**Work instructions**
Extract the run of lines that starts at the top of the records below and ends at the line with "こちらは、細やかな小紋柄を雪", keeping both ends and excluding pictures.

**Materials provided**
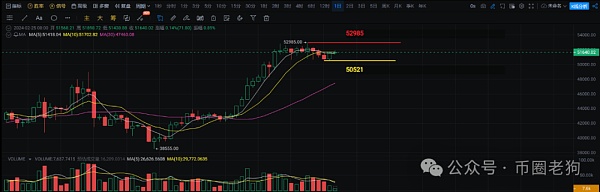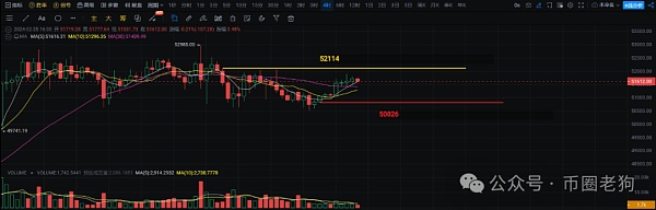 从四小时级别来看,四小时级别经过几天时间的震荡,目前价格延续四小时级别5 10MA均线上行,从图中可以看出以50826为低点的四小时级别K线,收线价格站稳了均线上方,之后行情开始反弹,所以短期50826可以看做是四小时级别的支撑位。上方大饼从52985高点下跌后开始反弹,之后以52114为高点的四小时级别直接收了一根跌穿四小时级别5 10MA均线的K线,之后行情多次反弹都没有突破52114的高点,所以52114为短期四小时级别的压力位,如果行情持续反弹,只有价格突破了52114上方并且站稳,大饼才有可能继续新高进发,反之大饼没有站稳52114上方并且之后四小时级别K线收线价格跌穿了均线。那么短期大饼大概率会继续试探50826附近支撑是否有效。
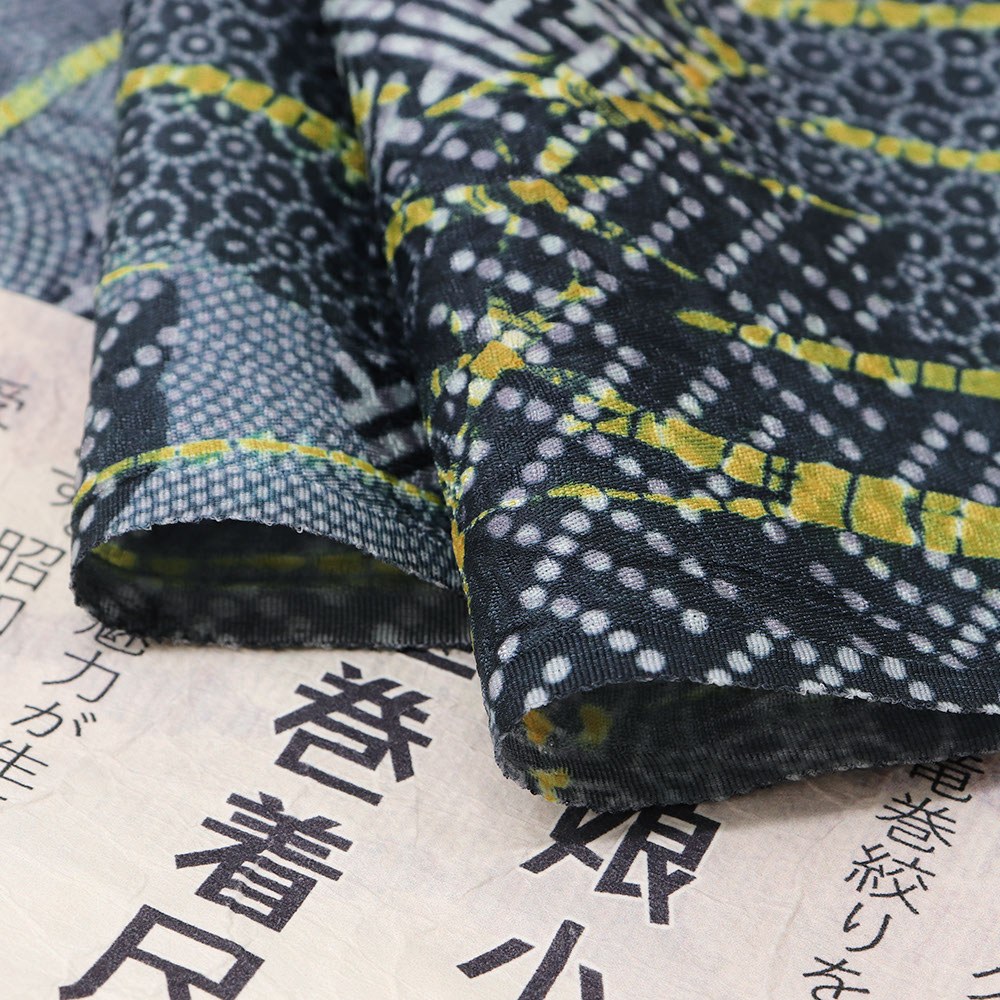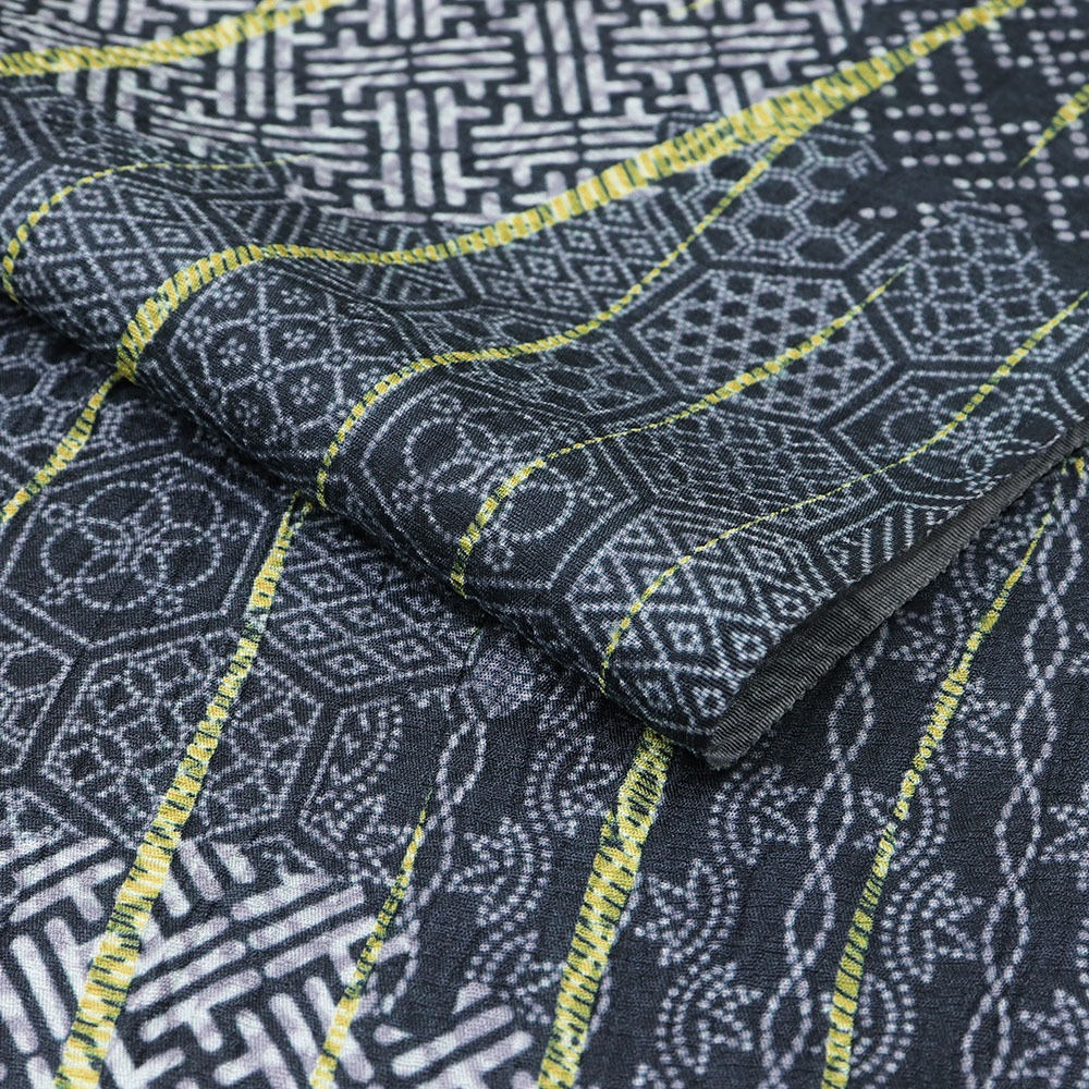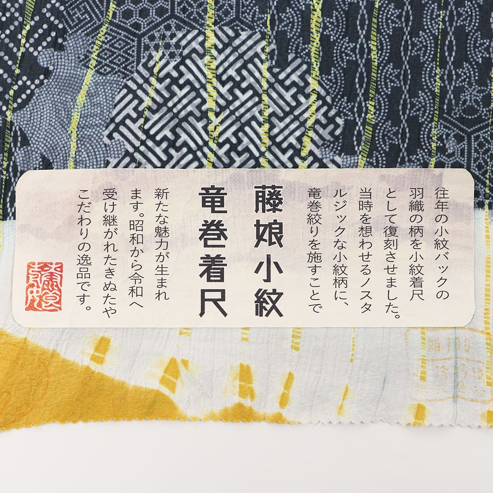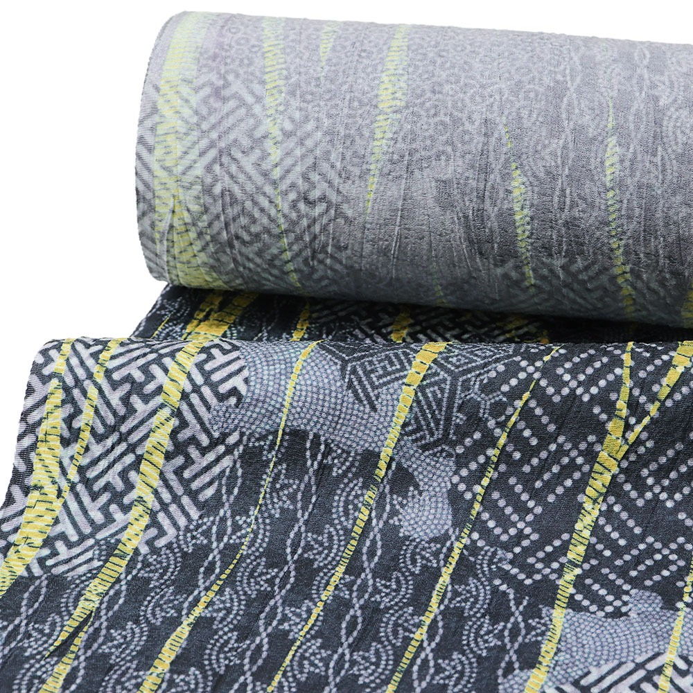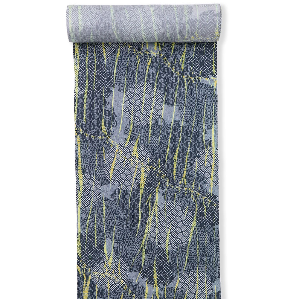 こちらは、細やかな小紋柄を雪輪で枠取りした柄の上から、生地全体に竜巻絞りを施した一本。落ち着いた青灰色にビビットな黄色を足すことで、唯一無二なモダンデザインが生まれています。
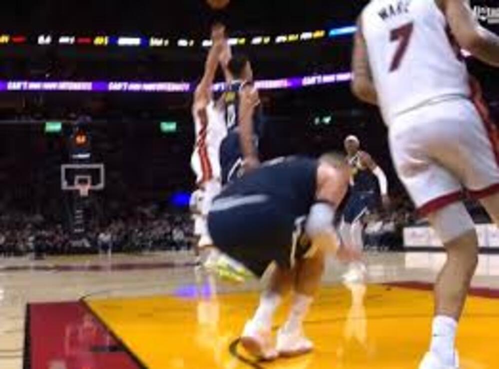 NIKOLA JOKIĆ teško se ozlijedio u posljednjem napadu prvog poluvremena utakmice u kojoj su njegovi Denver Nuggetsi igrali protiv Miami Heata. Jokićeva lijeva noga ispružila se, a zatim popustila nakon što ga je desna noga suigrača Spencera Jonesa udarila u lijevo koljeno.
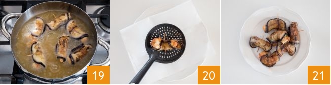 In a bowl, mix the breadcrumbs and flour 16, coat the rolls one by one in this mixture 17, then heat the oil for frying in a pan and, when it reaches 340°F, immerse a few rolls at a time 18.
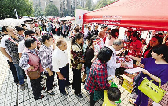 随着生活水平的提高,居民更讲究健康养生。19日,为了引导中老年人健康饮酒,湖南远东健康养生产业发展有限公司向本报提供500瓶威力神养生酒,免费向市民发放。活动现场,威力神酒免费派发处排起了长队,由于居民实在太多,工作人员不得不将一对分成两队,增加人员进行发放。
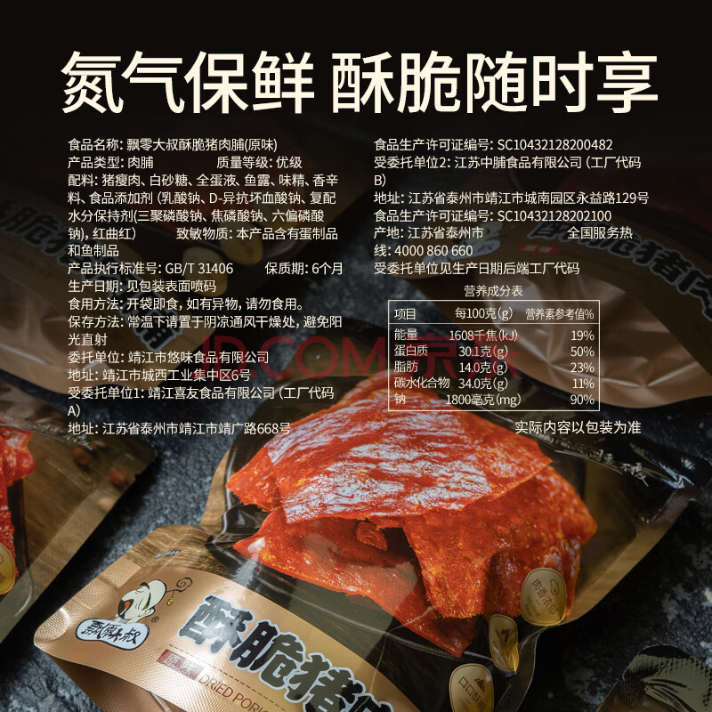 商品相册:飘零大叔酥脆猪肉脯芝麻味108g靖江特产猪肉干解馋办公室网红高蛋白零食第
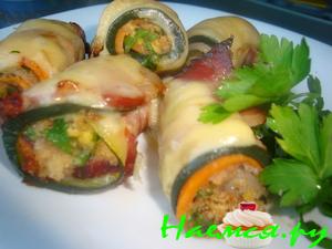 Рулеты из рыбы и цуккини с овощами
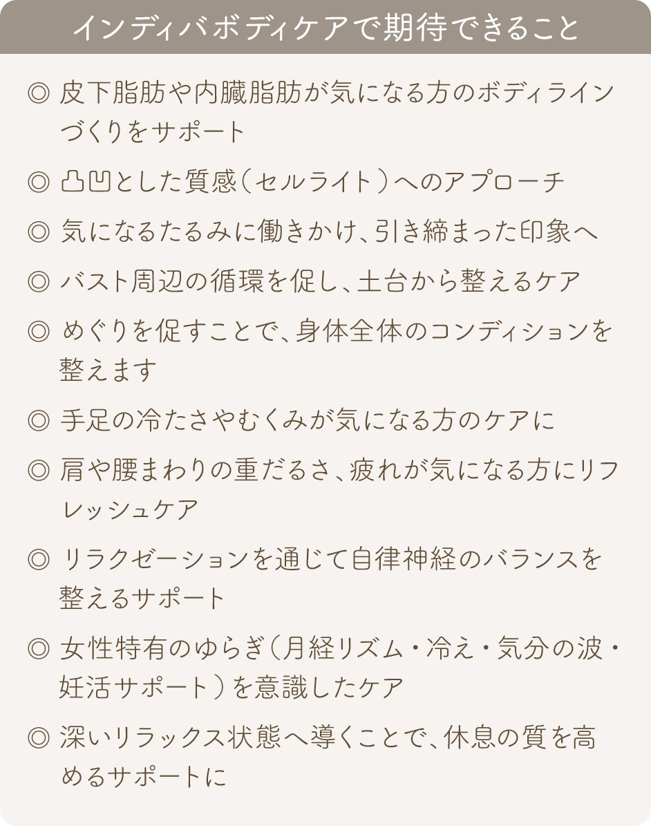 ハンドマッサージでは届きにくい深部の筋肉や、めぐりの滞りが気になる箇所にもアプローチします。冷えによる不調やむくみが気になる方、肩や腰まわりが重く感じる方、健やかなボディラインづくりをしたい方におすすめのケアです。
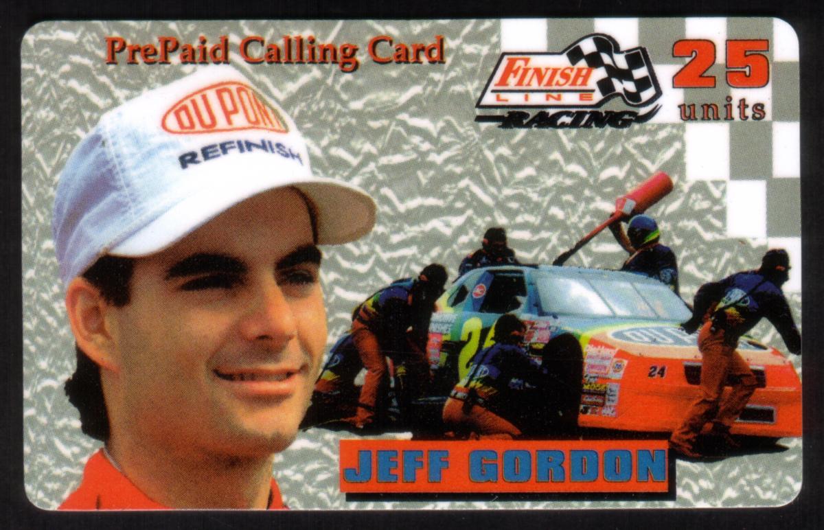 This set of four prepaid calling cards features prominent NASCAR drivers Jeff Gordon, Mark Martin, Ricky Rudd, and Rusty Wallace from the 25u Platinum Series by Finish Line Racing. Each card prominently displays the Finish Line Racing logo with a checkered flag motif and "25 units" marking the card's value in units.
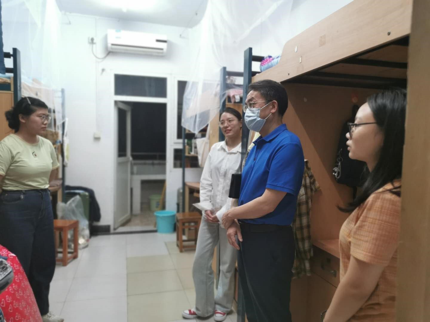 9月20日晚,为深入了解公司新生正式入学后的生活情况,刘猛书记、辅导员景柯沥在所有新生完成报到注册之后,就前往橘园三舍和橘园十一舍看望所有新同学们。

**Your solution**
 从四小时级别来看,四小时级别经过几天时间的震荡,目前价格延续四小时级别5 10MA均线上行,从图中可以看出以50826为低点的四小时级别K线,收线价格站稳了均线上方,之后行情开始反弹,所以短期50826可以看做是四小时级别的支撑位。上方大饼从52985高点下跌后开始反弹,之后以52114为高点的四小时级别直接收了一根跌穿四小时级别5 10MA均线的K线,之后行情多次反弹都没有突破52114的高点,所以52114为短期四小时级别的压力位,如果行情持续反弹,只有价格突破了52114上方并且站稳,大饼才有可能继续新高进发,反之大饼没有站稳52114上方并且之后四小时级别K线收线价格跌穿了均线。那么短期大饼大概率会继续试探50826附近支撑是否有效。
 こちらは、細やかな小紋柄を雪輪で枠取りした柄の上から、生地全体に竜巻絞りを施した一本。落ち着いた青灰色にビビットな黄色を足すことで、唯一無二なモダンデザインが生まれています。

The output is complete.